Other overheard raucous remarks: “You think she’d be happy! With all that money and round the clock nannies. I wish I had her problems!” I wonder how many of us could even stand in front of a high school auditorium and give a polished performance, let alone on a world stage on the Academy Award telecast that is shown in 65 countries. Really? Most of us would simply shit our pants.

And no I am not lionizing Angelina Jolie. I understand she is a fucked up person who is a crazy-maker and courts drama. I know how she met her current husband and that innocent people were hurt. How did you meet your mate? Was it neat and uncomplicated? How did our parents meet? For those of us who ever know that story, it has been diluted, glossed over and Disney-fied for our delicate, innocent, bambi ears. Angelina knows what she’s made of and maybe that’s partially why she feels she doesn’t deserve nourishment. Just as disturbing, she also knows what her husband is made of.

Like most of us, Angelina was raised by narcissistic parents who wanted nothing more than to pursue their own interests. Because they too, are just human and could never live up to expectations. We could never get enough attention, love, access or validation from them.

So just have a sandwich, just stop gambling, just don’t look at internet porn, just don’t take that drink. Just don’t binge on that pasta. Stop popping pain pills. Don’t be so pathetic. Stop being human.

It’s all so easy. And above all, hilarious to hear this ad nauseum. I bet Oscar Wilde would be jealous.

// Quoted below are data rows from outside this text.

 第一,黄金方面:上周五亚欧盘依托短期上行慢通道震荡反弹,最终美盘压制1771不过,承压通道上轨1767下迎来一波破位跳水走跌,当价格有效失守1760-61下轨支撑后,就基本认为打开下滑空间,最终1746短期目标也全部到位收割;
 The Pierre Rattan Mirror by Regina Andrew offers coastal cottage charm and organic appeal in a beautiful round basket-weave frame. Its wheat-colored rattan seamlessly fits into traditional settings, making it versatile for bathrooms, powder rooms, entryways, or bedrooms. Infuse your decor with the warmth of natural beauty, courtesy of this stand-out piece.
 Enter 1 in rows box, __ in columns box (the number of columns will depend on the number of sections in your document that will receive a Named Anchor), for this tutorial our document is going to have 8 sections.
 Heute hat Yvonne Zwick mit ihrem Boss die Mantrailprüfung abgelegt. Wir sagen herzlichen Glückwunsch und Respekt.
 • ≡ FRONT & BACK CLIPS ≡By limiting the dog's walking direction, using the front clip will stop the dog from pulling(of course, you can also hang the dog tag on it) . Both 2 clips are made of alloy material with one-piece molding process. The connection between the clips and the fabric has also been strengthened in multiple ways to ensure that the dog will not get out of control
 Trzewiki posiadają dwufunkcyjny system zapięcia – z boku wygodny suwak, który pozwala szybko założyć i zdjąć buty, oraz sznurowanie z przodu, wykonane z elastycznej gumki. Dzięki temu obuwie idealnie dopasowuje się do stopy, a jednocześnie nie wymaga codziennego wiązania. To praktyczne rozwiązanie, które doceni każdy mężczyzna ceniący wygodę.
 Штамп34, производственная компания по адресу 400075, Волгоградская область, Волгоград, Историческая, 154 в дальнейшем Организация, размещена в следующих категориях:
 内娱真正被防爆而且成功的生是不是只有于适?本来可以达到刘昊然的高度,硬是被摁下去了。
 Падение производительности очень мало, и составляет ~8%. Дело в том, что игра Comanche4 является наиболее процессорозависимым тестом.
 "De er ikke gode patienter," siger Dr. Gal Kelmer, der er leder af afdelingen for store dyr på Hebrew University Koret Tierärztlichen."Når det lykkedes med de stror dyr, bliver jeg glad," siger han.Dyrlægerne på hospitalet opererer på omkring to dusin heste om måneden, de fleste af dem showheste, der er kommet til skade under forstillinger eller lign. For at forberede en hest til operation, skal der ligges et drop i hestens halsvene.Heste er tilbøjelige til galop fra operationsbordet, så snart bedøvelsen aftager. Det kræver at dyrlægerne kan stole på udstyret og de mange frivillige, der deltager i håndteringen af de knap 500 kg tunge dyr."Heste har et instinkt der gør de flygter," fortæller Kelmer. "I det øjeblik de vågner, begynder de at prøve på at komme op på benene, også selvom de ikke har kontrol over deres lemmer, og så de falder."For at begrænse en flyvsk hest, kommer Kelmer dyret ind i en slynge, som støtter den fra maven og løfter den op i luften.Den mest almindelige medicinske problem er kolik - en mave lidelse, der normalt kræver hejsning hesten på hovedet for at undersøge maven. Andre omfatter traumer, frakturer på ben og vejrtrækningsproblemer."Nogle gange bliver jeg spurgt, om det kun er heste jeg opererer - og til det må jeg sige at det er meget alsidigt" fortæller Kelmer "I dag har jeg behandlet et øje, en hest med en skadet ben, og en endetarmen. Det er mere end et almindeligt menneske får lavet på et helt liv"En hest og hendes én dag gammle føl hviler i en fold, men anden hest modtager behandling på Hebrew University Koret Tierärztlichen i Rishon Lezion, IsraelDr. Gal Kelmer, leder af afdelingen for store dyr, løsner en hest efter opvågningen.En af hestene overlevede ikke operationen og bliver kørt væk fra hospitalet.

I think the late, beloved John Candy (who sadly had his own demons involving food issues) said it best in the movie Cool Runnings: “A gold medal is a wonderful thing, but if you’re not enough without it, you’ll never be enough with it.”  I’m not asking anyone to be perfect, as I know that imperfection is our common truth. I would just like a little less sneering, and a touch more empathy. Not just for the Oscar winning actress, director, mother of 6 and ambassador, whose raised white scar-tissue on her arms thinly veil her childhood suicide attempts… but for each of us, neighbors one and all.